- Born: 7 January 1947 (age 78) Mathura, Uttar Pradesh, India
- Occupation: Physician
- Awards: Padma Shri
- Website: Official web site

= Shrinivas S. Vaishya =

Indian physician

Shrinivas S. Vaishya is an Indian physician and the former Director of medical and health services at the Union Territory of Daman and Diu. He was honored by the Government of India, in 2012, with the fourth highest Indian civilian award of Padma Shri.

==Biography==
Sriniwas S. Vaishya was born on 7 January 1947 in Mathura, in the Indian state of Uttar Pradesh. He did his graduation in medicine from Goa Medical College in 1973 and, later, secured the post graduate degree of MD from the Government Medical College, Surat. Vaishya started his career as a local officer at the Department of Health and Medical Services, Daman and Diu and worked there for 33 years until appointed as the first Director . He retired from government service as the Special Secretary of Health and Medical Services, first such officer to be appointed for the territories of Daman, Diu, Dadra and Nagar Haveli.

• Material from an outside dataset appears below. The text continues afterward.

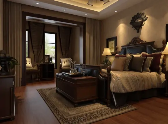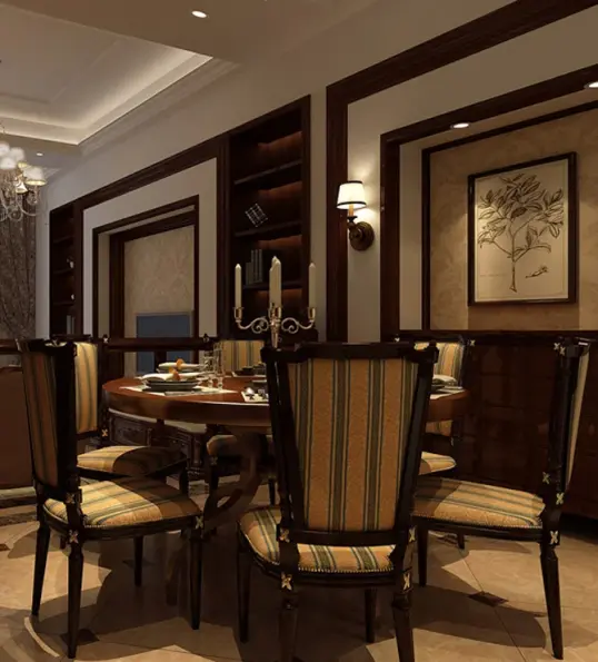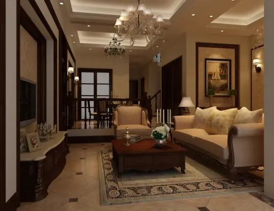 本案的整体格调欧式带点复古的感觉、雅致休闲、色调沉稳,凸显了业主高贵优雅的生活品味。直线条吊顶,错落有致,不同的色彩区分使用空间更具有层次感。欧美风所固有的自然、经典还有斑驳老旧的印记在客厅美式家具中得以体现,似乎能让时光倒流,让生活慢下来。

Vaishya is credited with the modernization of health facilities in Daman and Diu and, during his tenure. the infant mortality rate in the Union Territory is reported to have shrunk to 14 per 1000 live births, on par with the rest of the country. A Life member of the Indian Association of Preventive and Social Medicine (IAPSM), Vaishya has attended many national and international seminars, conferences and workshops. The Government of India awarded him the civilian award of Padma Shri in 2012.

Sriniwas S. Vaishya lives in Daman and holds a private practice there.